Executive Director of Europol
- In office 16 April 2009 – 1 May 2018
- Preceded by: Max-Peter Ratzel
- Succeeded by: Catherine De Bolle

Personal details
- Born: 17 September 1967 (age 58) Carmarthen, Wales
- Education: London School of Economics (BSc)
- Profession: Law Enforcement
- Website: www.europol.europa.eu

= Rob Wainwright (civil servant) =

Welsh civil servant

Sir Robert Mark Wainwright KCMG (born 17 September 1967) is a British civil servant. He was the director of Europol from 16 April 2009 until 1 May 2018. Wainwright began his career as an intelligence analyst with MI5. He later became a liaison officer to Europol, head of the British national Europol unit and the UK board Europol member. He was appointed Director of International Affairs of the UK's National Criminal Intelligence Service (NCIS) in 2003 and head of the international department of the UK's Serious Organised Crime Agency (SOCA) in 2006. In April 2009, he became the Director of Europol serving until May 2018 when he was succeeded by Catherine De Bolle. In 2018, Wainwright was knighted for his services to policing and security.

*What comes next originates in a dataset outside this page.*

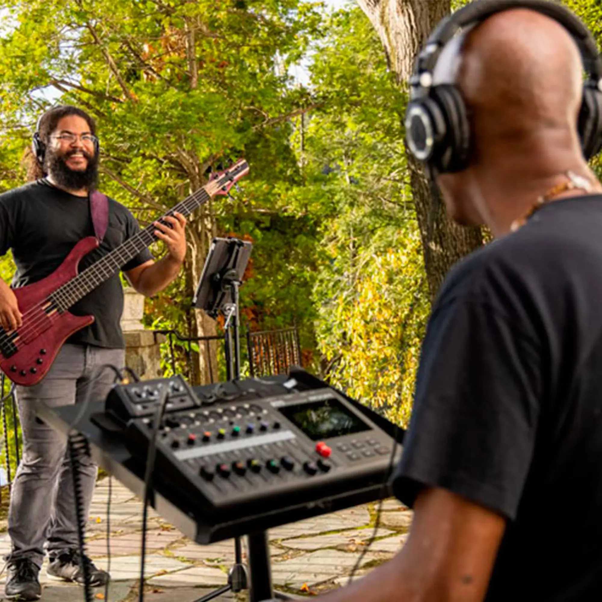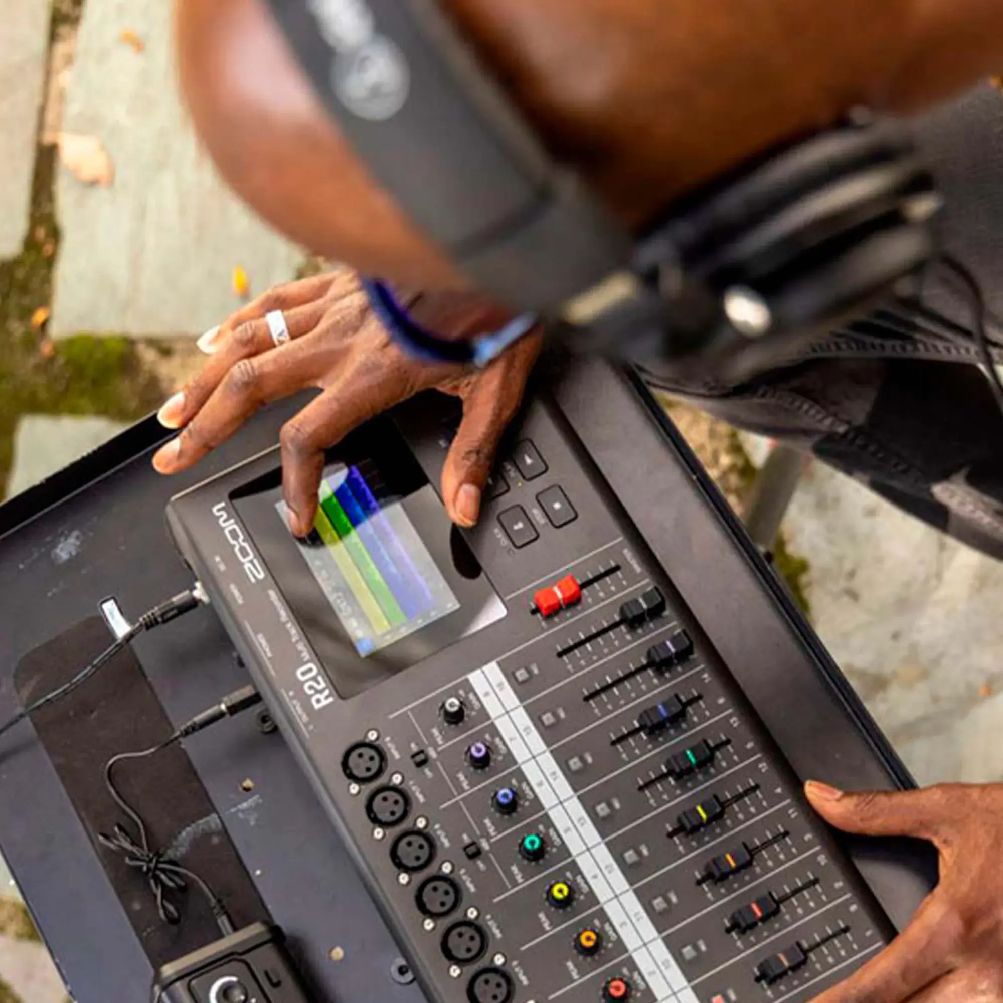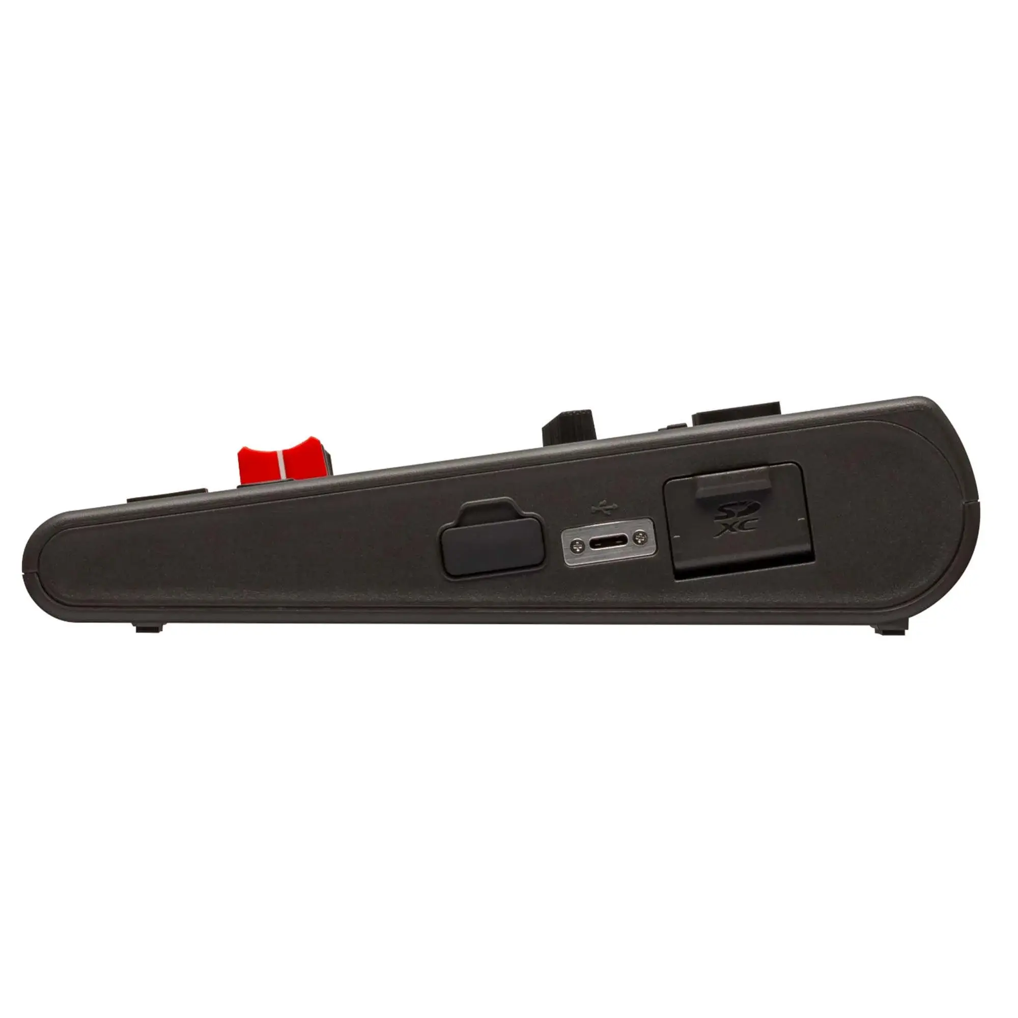 Вывести аудиосигнал на акустическую систему или микшерный пульт можно с помощью 2 балансных выходов на разъемах 1/4'' Jack TRS. Таким же разъемом представлен и выход для наушников. С боковой части корпуса располагается порт USB-C для подключения к ПК, слот для опциональной SD/SDHC/SDXC-карты, на которую ведется запись, а также слот для опционального Bluetooth-адаптера BTA-1. С помощью последнего можно управлять функционалом устройства, используя приложение R20 Control. Энергообеспечение прибора осуществляется от комплектного адаптера на 12 V DC.

== Early life and education ==
He was raised in Pontyberem, Wales and attended Gwendraeth Grammar School. Wainwright attended the London School of Economics where he graduated with a BSc in 1989.

==Career==
Wainwright first worked for the United Kingdom's Security Service (MI5) as an intelligence analyst.

From 2000 to 2003, he was the UK Management Board member at Europol and a UK Liaison Officer. At the same time, he was Head of the British Europol National Unit in London.

In 2003, he was appointed Director of International Affairs of the UK's National Criminal Intelligence Service (NCIS), where he was responsible for international operations and for the development and implementation of a British strategy against illegal immigration. From 2006, Wainwright held the post of head of the international department of the UK's Serious Organised Crime Agency (SOCA).

In April 2009, Wainwright was appointed Director of Europol, the European police office, being the first director who did not have a police background or come from a national police force. At Europol, he led a staff of over 800 personnel supporting law enforcement authorities in the 27 EU Member States, in particular to tackle international organised crime. Europol's became a formal EU agency on 1 January 2010, acquiring a stronger mandate and new capabilities.

On 1 July 2011, Wainwright hosted HM Queen Beatrix of the Netherlands as she officially opened Europol's new headquarters in The Hague. In March 2012, the Council of Justice and Home Affairs extended Wainwright's term of office as director until 2017. It was subsequently extended until 1 May 2018, after which he was succeeded by Catherine De Bolle.

In 2018, Wainwright was knighted for his services to policing and security. The same year, he was tapped to run Deloitte's European cyber practice.

He has said society accepts that intercepting private phone calls is "a reasonable way to run a democracy".